[Stored dataset items]
◆ ◆ ◆ ◆ ◆ ◆ ◆

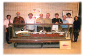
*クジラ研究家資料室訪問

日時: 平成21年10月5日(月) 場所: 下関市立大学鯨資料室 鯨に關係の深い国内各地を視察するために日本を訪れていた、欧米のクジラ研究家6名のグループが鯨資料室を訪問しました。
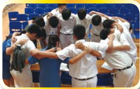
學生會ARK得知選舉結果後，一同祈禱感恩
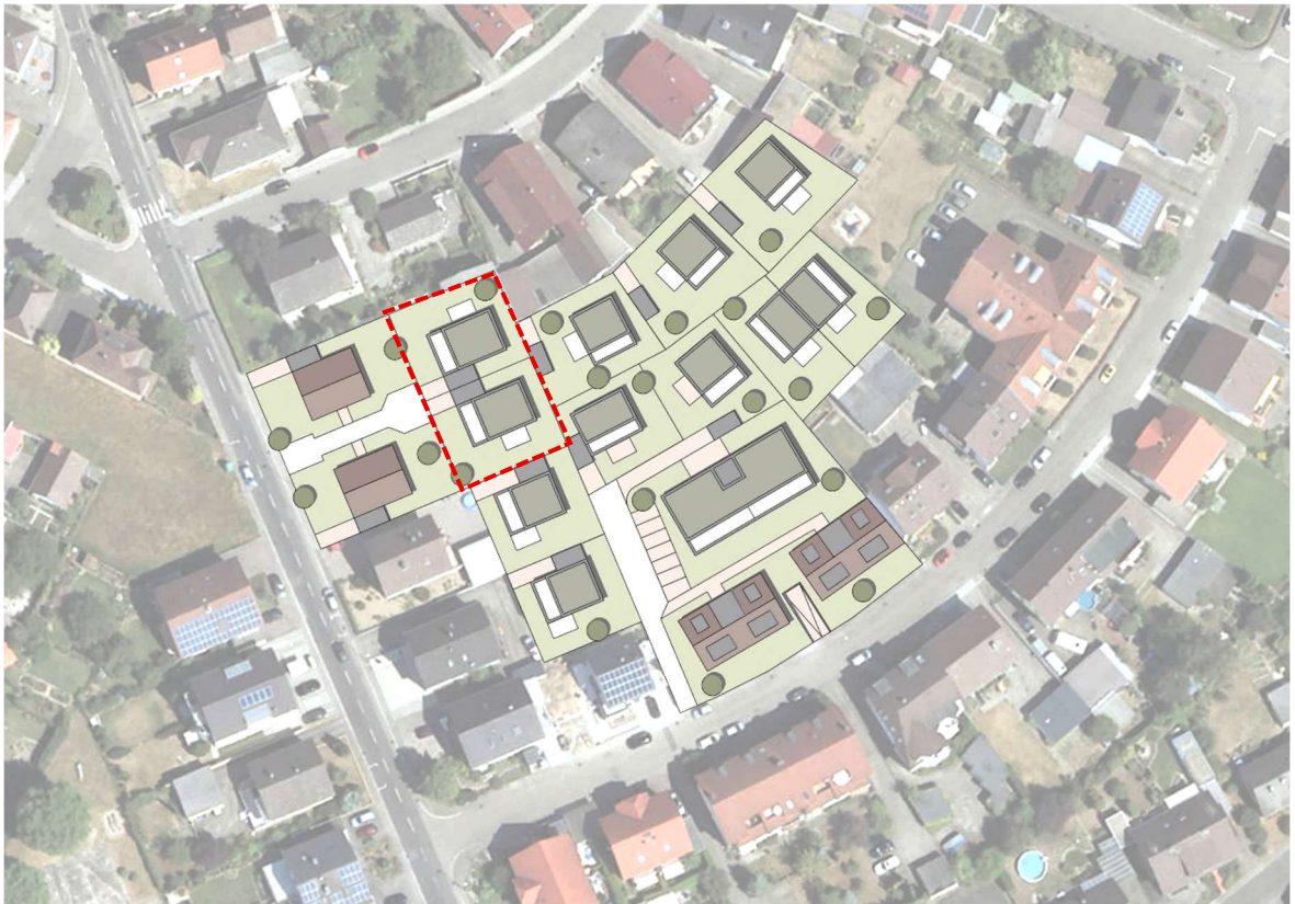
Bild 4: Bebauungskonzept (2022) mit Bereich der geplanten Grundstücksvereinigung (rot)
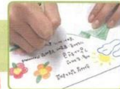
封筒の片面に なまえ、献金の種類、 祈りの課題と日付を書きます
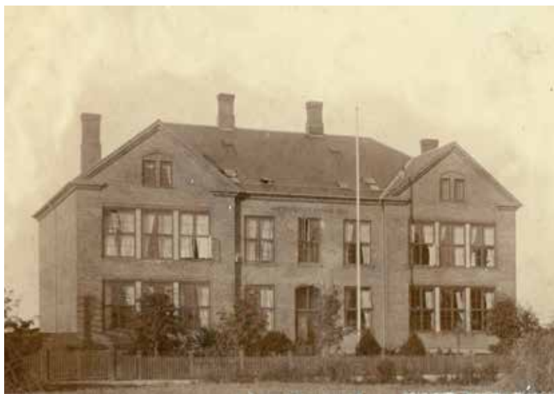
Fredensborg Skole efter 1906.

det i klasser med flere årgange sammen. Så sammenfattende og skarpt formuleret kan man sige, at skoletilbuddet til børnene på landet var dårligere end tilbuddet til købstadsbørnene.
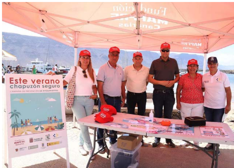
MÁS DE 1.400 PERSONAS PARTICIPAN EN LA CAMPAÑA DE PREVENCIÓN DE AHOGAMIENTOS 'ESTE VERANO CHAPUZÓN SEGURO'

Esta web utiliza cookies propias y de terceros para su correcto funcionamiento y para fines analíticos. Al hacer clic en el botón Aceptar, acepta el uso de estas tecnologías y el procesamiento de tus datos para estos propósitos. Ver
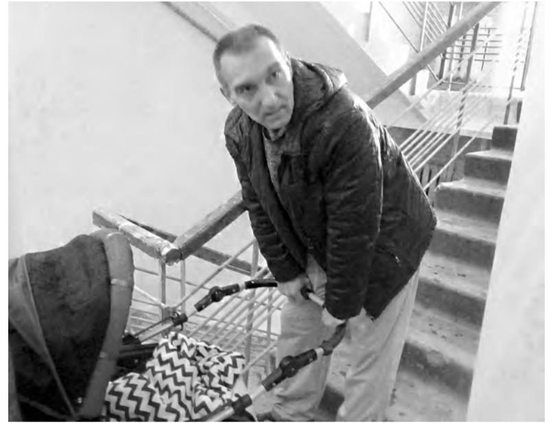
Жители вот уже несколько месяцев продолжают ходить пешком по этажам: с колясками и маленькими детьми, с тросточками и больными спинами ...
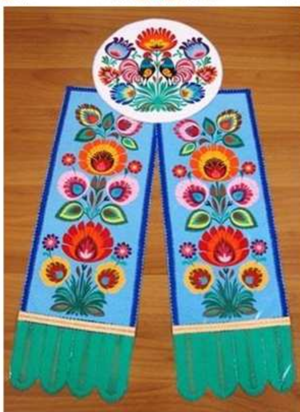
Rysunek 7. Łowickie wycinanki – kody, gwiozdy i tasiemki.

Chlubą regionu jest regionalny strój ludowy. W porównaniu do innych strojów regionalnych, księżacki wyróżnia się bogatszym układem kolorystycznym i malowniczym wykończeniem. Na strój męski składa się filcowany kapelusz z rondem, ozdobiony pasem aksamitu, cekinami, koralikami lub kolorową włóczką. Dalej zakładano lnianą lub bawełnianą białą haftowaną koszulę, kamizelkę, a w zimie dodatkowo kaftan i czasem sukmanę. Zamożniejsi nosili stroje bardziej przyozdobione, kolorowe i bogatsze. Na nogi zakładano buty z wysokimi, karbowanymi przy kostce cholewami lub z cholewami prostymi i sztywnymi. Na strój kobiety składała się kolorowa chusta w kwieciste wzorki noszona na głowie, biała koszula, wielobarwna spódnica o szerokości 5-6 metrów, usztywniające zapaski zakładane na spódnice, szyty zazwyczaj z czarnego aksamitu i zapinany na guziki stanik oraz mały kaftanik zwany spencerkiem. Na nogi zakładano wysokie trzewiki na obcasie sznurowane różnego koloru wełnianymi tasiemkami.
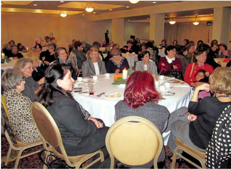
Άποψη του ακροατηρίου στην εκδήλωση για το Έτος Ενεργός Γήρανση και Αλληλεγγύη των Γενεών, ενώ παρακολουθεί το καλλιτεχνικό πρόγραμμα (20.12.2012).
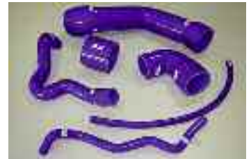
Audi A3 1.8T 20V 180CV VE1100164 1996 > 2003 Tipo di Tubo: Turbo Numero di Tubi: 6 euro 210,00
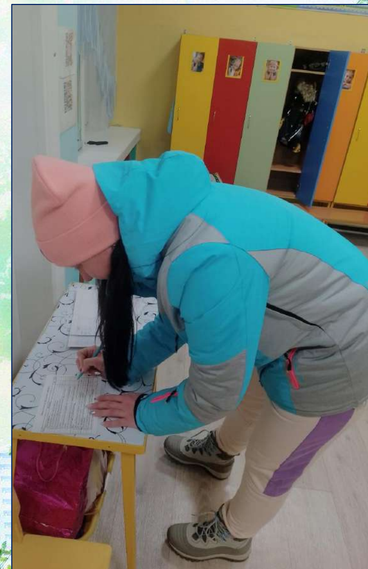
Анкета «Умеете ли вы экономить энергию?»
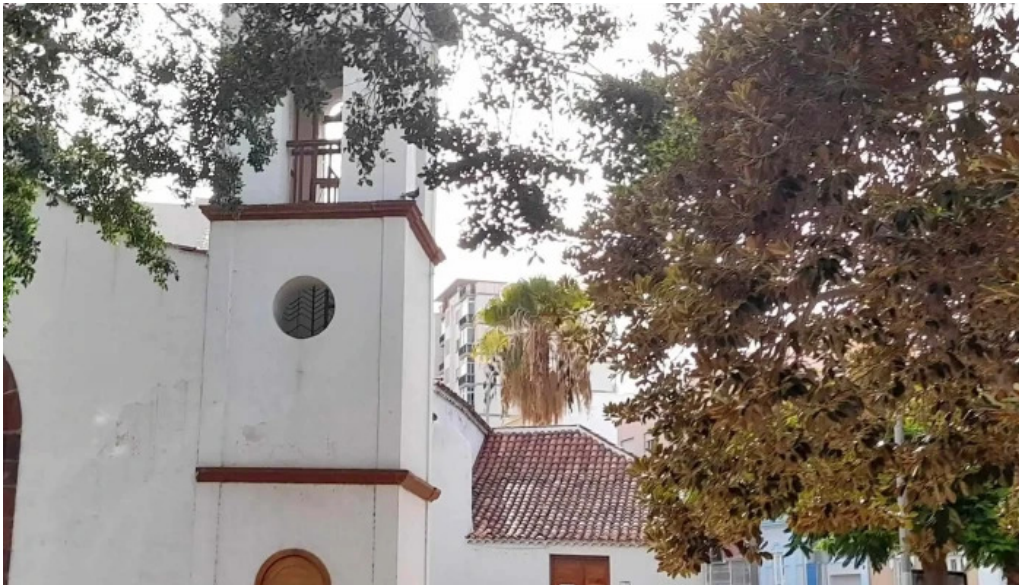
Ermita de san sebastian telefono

◆ ◆ ◆ ◆ ◆ ◆ ◆

__EXERCISE DETAILS__
In the data above, please extract the lines from the first one through the line with "MÁS DE 1.400", exactly, and keep pictures out.

__TASK ANSWER__
*クジラ研究家資料室訪問

日時: 平成21年10月5日(月) 場所: 下関市立大学鯨資料室 鯨に關係の深い国内各地を視察するために日本を訪れていた、欧米のクジラ研究家6名のグループが鯨資料室を訪問しました。
學生會ARK得知選舉結果後，一同祈禱感恩
Bild 4: Bebauungskonzept (2022) mit Bereich der geplanten Grundstücksvereinigung (rot)
封筒の片面に なまえ、献金の種類、 祈りの課題と日付を書きます
Fredensborg Skole efter 1906.

det i klasser med flere årgange sammen. Så sammenfattende og skarpt formuleret kan man sige, at skoletilbuddet til børnene på landet var dårligere end tilbuddet til købstadsbørnene.
MÁS DE 1.400 PERSONAS PARTICIPAN EN LA CAMPAÑA DE PREVENCIÓN DE AHOGAMIENTOS 'ESTE VERANO CHAPUZÓN SEGURO'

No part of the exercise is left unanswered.